The change in how teams were defending against Parise's line was obvious right off the bat during his third season.

"Guys start paying attention to you a little more," Parise said. "We were seeing top checking lines and top checking D. They were going against Patty (Elias) and Gomer (in the past). Now it's a little different when you're seeing (Ryan) Suter and (Shea) Weber every shift."

Couture was a Calder Trophy finalist last season thanks to his 32 goals and 56 points in 79 games. He said he hasn't noticed much of a change through four games this season in terms of how he's being defended, but coach Todd McLellan said that Couture playing with Ryane Clowe and Torrey Mitchell (starting Friday night when they face the Devils, Martin Havlat will take Mitchell's place on that line) results in tougher matchups than most second lines receive around the League.

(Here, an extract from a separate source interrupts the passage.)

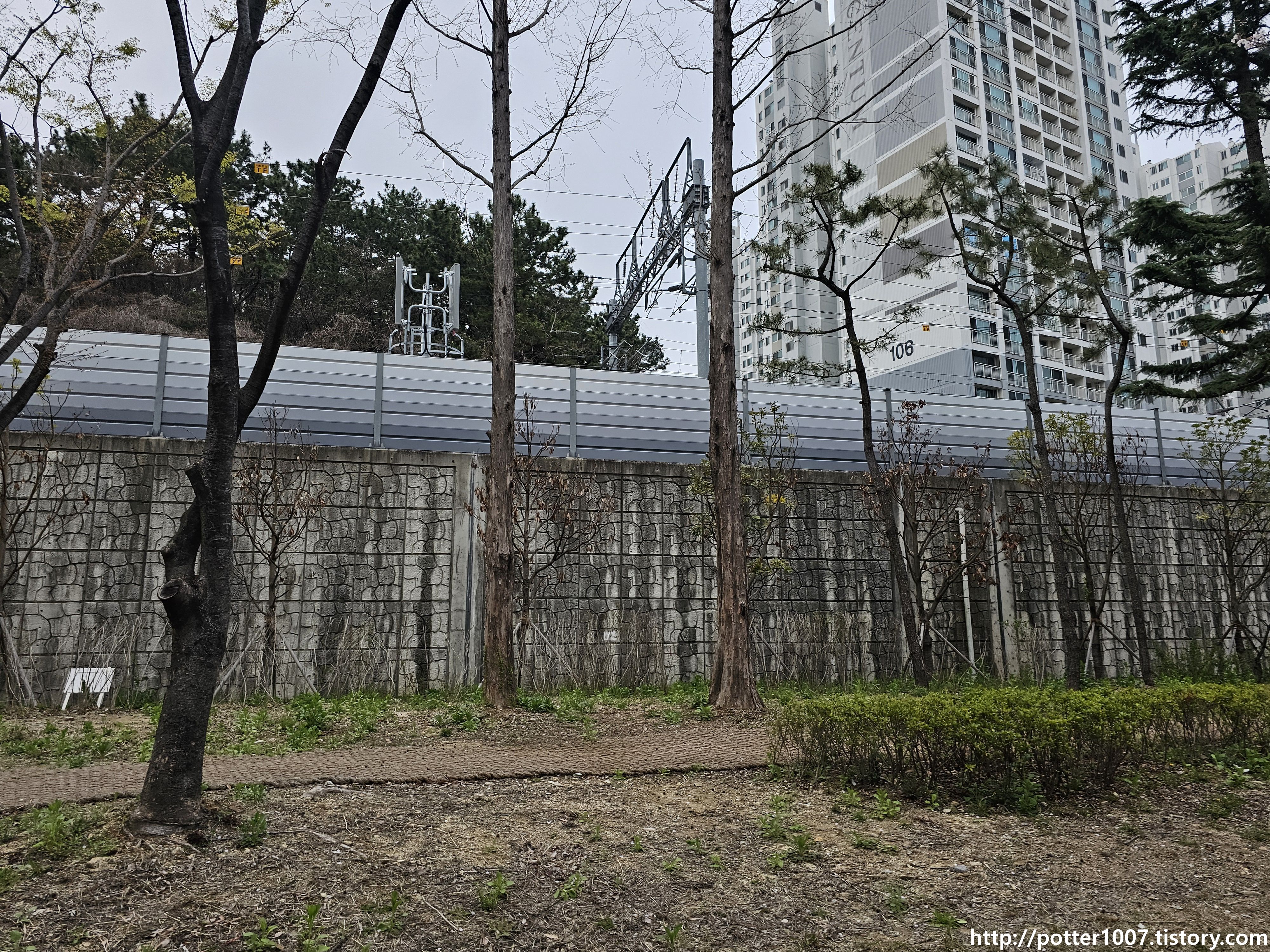 얼마 안가서 재송천은 사진에 보이는 방음벽 너머 동해남부선을 넘어갑니다.

"It's been spread around," McLellan said. "Cooch and Clowe and now with Marty there, that should be a strong line on any given night and they'll get their fair share of attention. Between Clowe and Cooch, they have to get it going."

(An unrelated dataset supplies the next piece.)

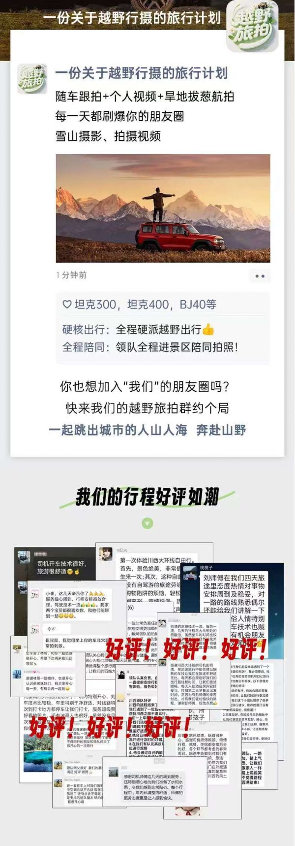 (3)本線路沒有“代購業(yè)務(wù)”,請不要在團隊中或者完團后,請求駕駛員代購任何產(chǎn)品,如有需要請自行篩選、購買。

Couture has just 1 assist in 4 games this season. Whether that's the result of greater attention from opposing teams or him putting too much pressure on himself in the early going, McLellan said all of that was talked about with Couture before the season and there are plenty of veteran leaders in the Sharks' locker room that he can go to for advice.

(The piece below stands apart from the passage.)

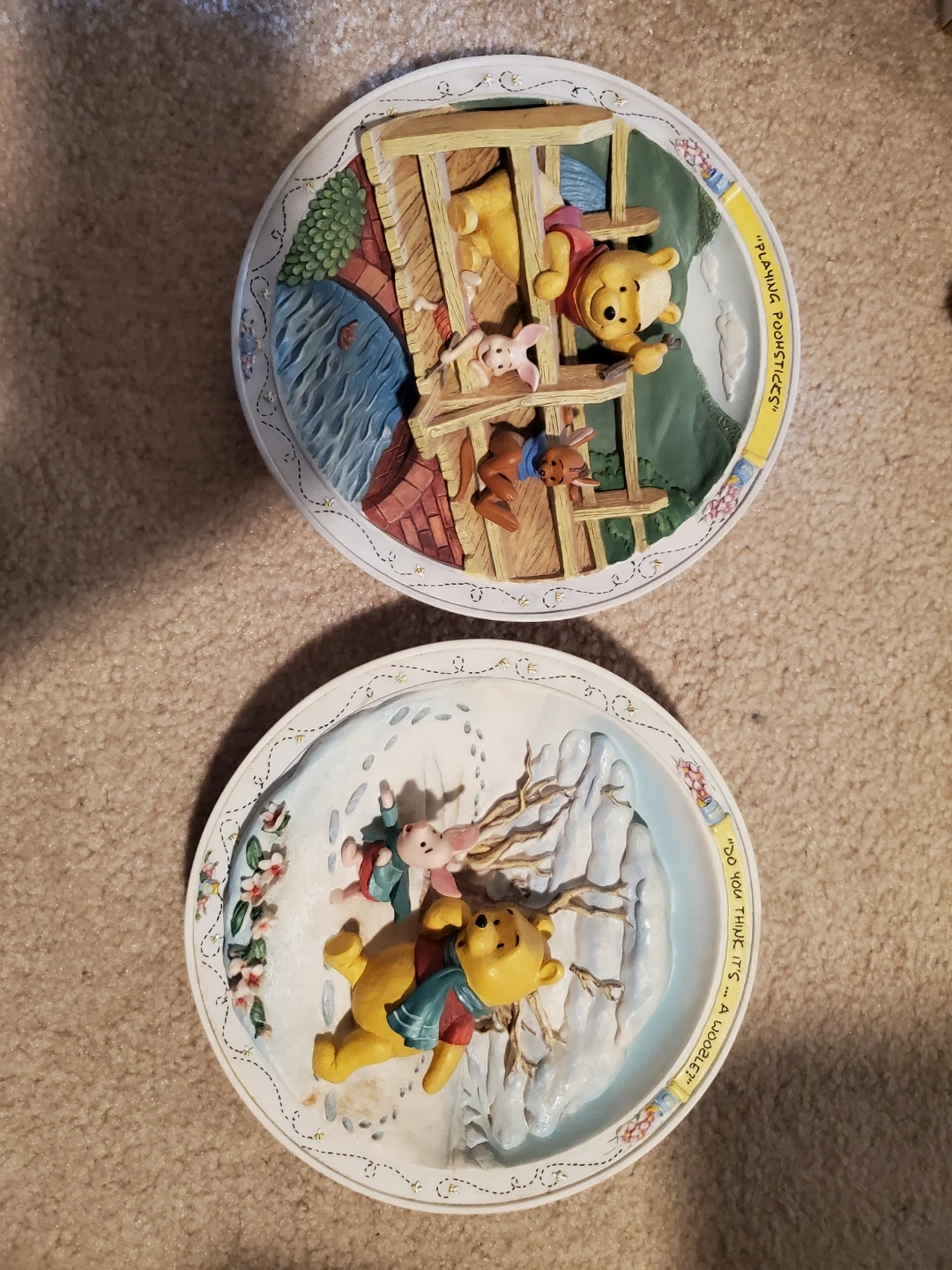 Two collectible Winnie the Pooh 3D decorative plates. Each plate has a unique quote and detailed sculpted characters from Bradford exchange

One of them is captain Joe Thornton. Much like Parise, Thornton slowly built himself into one of the game's best players after he was the No. 1 pick in the 1997 Entry Draft. Thornton didn't face the same type of expectations going into his second year, but he understands what it's like to be under the spotlight and doesn't believe it will be a problem for Couture.

"I expect he's going to get better each and every year," said Thornton, who cited Couture's 25 regular-season and 15 playoff games in 2009-10 as a reason to consider this season his third in the League. "The crazy thing is, expectations are higher. That's how it is in this business. People expect him to be even better the next year. He set the bar high and it's only going to keep getting higher.

"I kind of went into gradually. I think you just gradually begin to play against better players. He's really level-headed, great work ethic. He's a great pro."

Another parallel between Parise and Couture when it comes to following up a breakout year is a new contract. Parise signed a four-year, $12.5 million deal during that summer; Couture signed a two-year, $5.75 million contract this summer.

The change in personnel, the added expectations and the burden of a big-money deal didn't affect Parise. With Couture now facing all those things Parise battled then, it doesn't sound like he's letting any of that bother him.

"I just feel the pressure I put on myself," Couture said. "I don't feel any pressure from anyone on the outside. I expect myself to play well. That's what I care about the most. Statistics will come if you're playing your game. That's something I've always believed. If I play the way I'm capable of playing, I know the points will come. I haven't played the way I'm capable of playing so far this year. It's been a slow start, but I'm looking to break out here tomorrow night."

McLellan wants to see it, too. He didn't pull any punches about Couture's lack of production in the early going.

"The attention that's put on him now is much greater than it was at this year last time," McLellan said. "Not only on the ice, but off the ice, he has to learn to deal with those distractions. He's been well-prepared and well-versed in handling this. His play has to get better. He would be one we'd expect more after four games. He knows that, we know that, and it's our job to try to help them."